Joe Mitch, the business tycoon responsible for Toby’s family’s exile, is behind the changes and has used fear and a totalitarian mentality to keep The Tree’s inhabitants compliant to his whims. During their visit, they are confronted by Mitch and his cronies who insist on knowing the secret of The Tree. Again, Toby’s father refuses and he and his wife are sent to prison to await execution.

Although, Toby manages to escape, he knows that he is being chased by Mitch’s men and the community that he once loved. Running for his life, Toby has one thrilling adventure after another. From outsmarting Joe’s men at a weevil farm and escaping from a black widow to surviving winter trapped in a cave and orchestrating a risky prison break.


Toby Alone

Timothee de Fombelle, noted French playwright, has created a fun, fast-paced, politically charged adventure. Told from Toby’s perspective, through a series of flashbacks, Toby Alone flows beautifully and is full of humor. Toby is completely endearing - strong and vulnerable at the same time - it is easy to root for him to prevail. Joe Mitch and his cronies are a convincing reference to “big business” and provide the right amount of comic relief.
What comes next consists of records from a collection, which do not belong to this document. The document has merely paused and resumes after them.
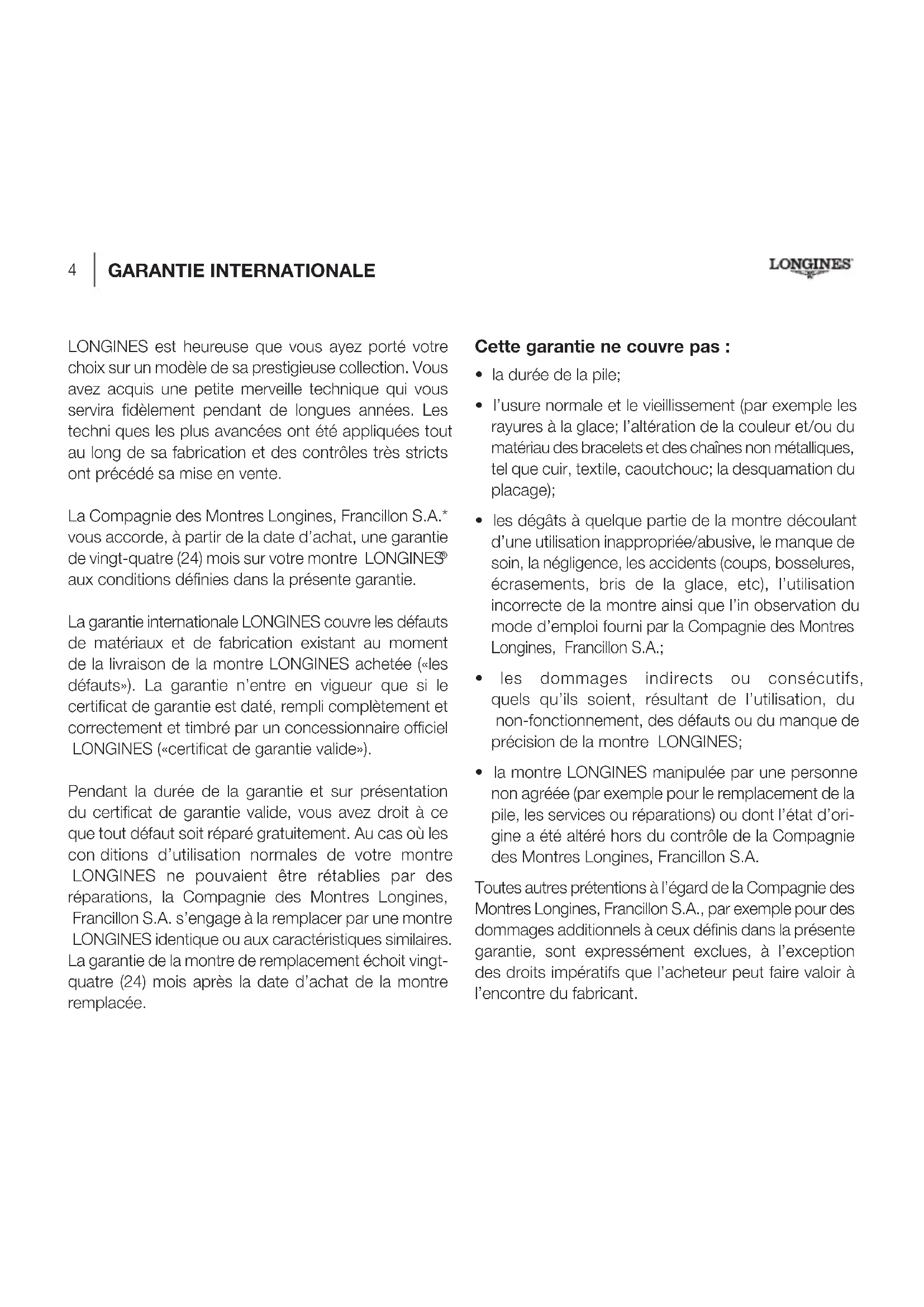 Pendant la durée de la garantie et sur présentation du certificat de garantie valide, vous avez droit à ce que tout défaut soit réparé gratuitement. Au cas où les conditions d'utilisation normales de votre montre LONGINES ne pouvaient être rétablies par des réparations, la Compagnie des Montres Longines, Francillon S.A. s'engage à la remplacer par une montre LONGINES identique ou aux caractéristiques similaires. La garantie de la montre de remplacement échoit vingt-quatre (24) mois après la date d'achat de la montre remplacée.
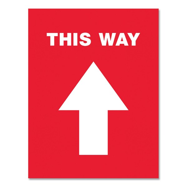 Social Distancing Floor Decals, 8.5 x 11, This Way, Red Face, White Graphics, 5PK
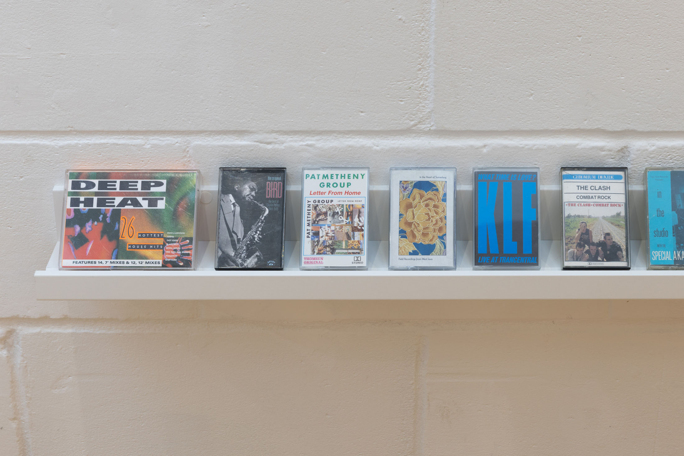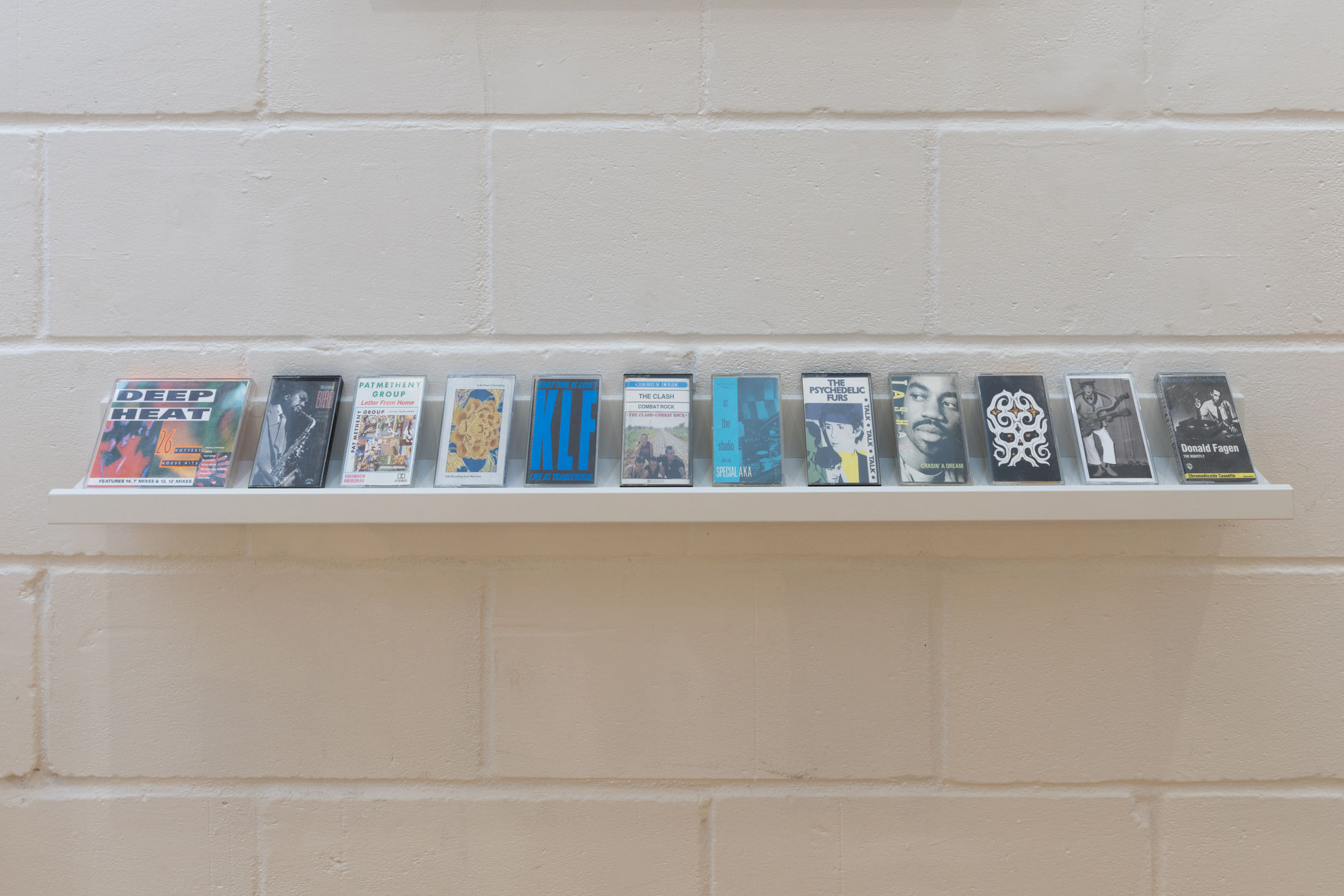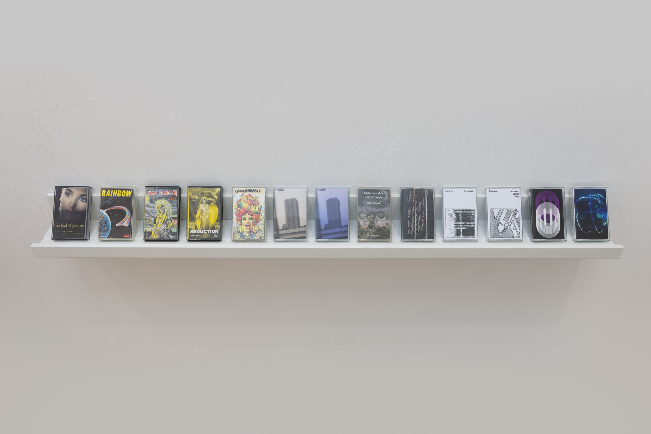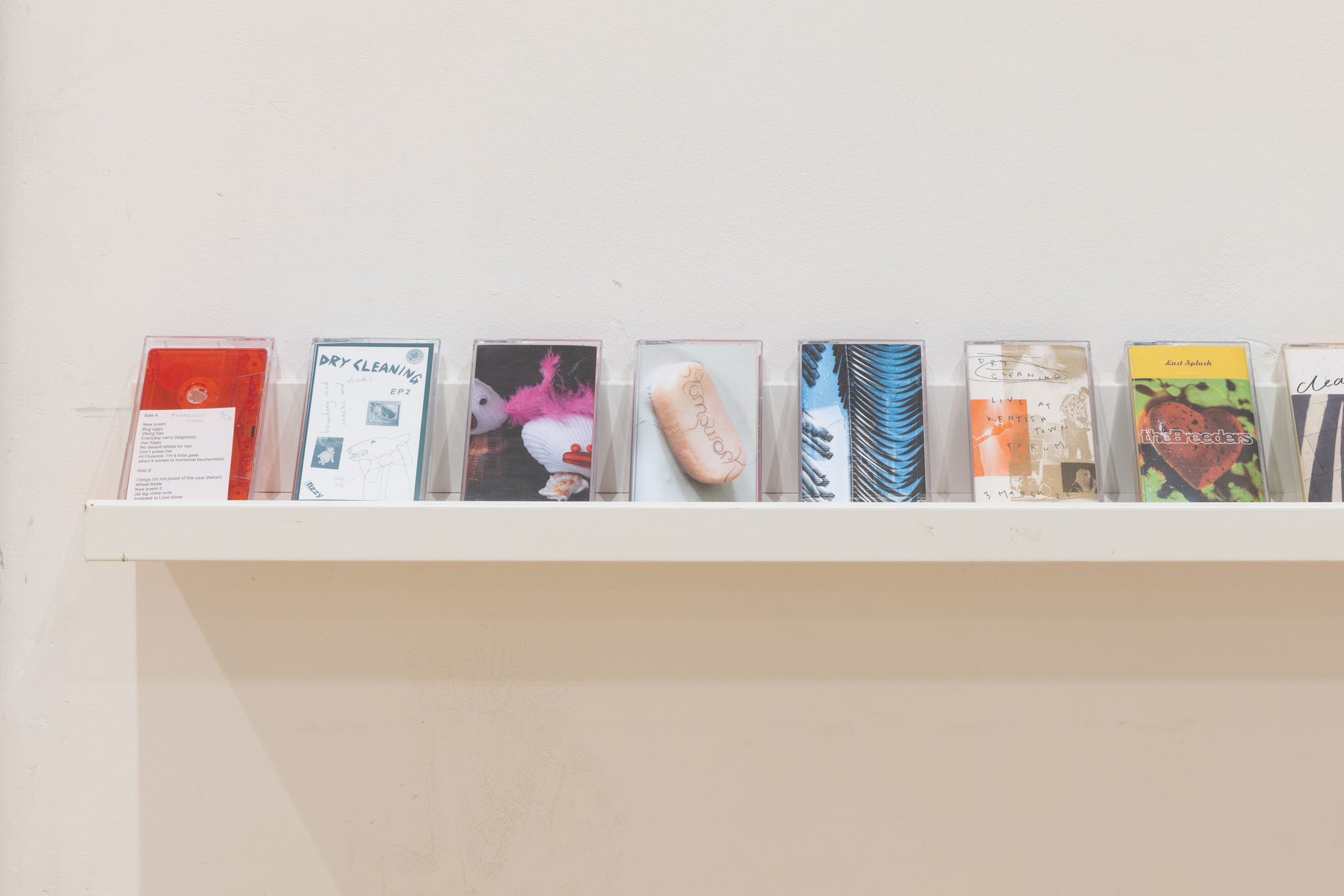 A collection of cassette tapes curated by the artists, and featuring contributors close to FTHo and Intoart, has grown over time as the exhibition developed. Cassettes are available to listen to in the gallery alongside the artworks, serving as an audio mapping of the cultural scenes feeding into the production of the works on display.
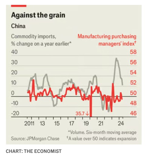 Τις τελευταίες δύο δεκαετίες η Κίνα έχει καταναλώσει τεράστιες ποσότητες πρώτων υλών. Ο πληθυσμός της αυξήθηκε και έγινε πλουσιότερος, απαιτώντας περισσότερα γαλακτοκομικά προϊόντα, σιτηρά και κρέας. Οι γιγάντιες βιομηχανίες της διψούν για ενέργεια και μέταλλα. Τα τελευταία χρόνια, ωστόσο, η οικονομία της υπέφερε εξαιτίας της πολιτικής κακοδιαχείρισης και της κρίσης της αγοράς ακινήτων. Οι Κινέζοι αξιωματούχοι επιθυμούν διακαώς να απομακρυνθούν από τις βιομηχανίες έντασης πόρων. Η λογική υπαγορεύει ότι η όρεξη της χώρας για πρώτες ύλες οφείλει να συρρικνώνεται, και μάλιστα γρήγορα.

The Tree offers an interesting backdrop for the story and De Fombelle’s creative descriptions bring the community that lives in The Tree to life. From a prison made out of a mistletoe ball to a plantation where they make leaf flour, in many ways The Tree proves to be a central character in the story. In addition, Francois Place’s pen and ink drawings significantly enhance the story, giving the reader a whimsical look into Toby’s world.

Toby Alone is also detailed commentary on global warming and the corruption of big business. Readers will quickly notice the parallel between The Tree and our own world. When Toby’s father references an expanding hole in the Tree’s leaves, “The Tree’s climate warming up, the risk of flooding, the gullies being formed in the bark – these are real dangers,” readers will hear the echo of today’s scientists as they warn of our impact on the earth.

Toby Alone is a truly delightful story full of teachable moments and timely lessons. A great read for middle grade students, this book would also be very appropriate as a read aloud in a classroom setting. With an unexpected cliffhanger at the end, readers will be greatly anticipating the sequel, Toby and the Secrets of the Tree.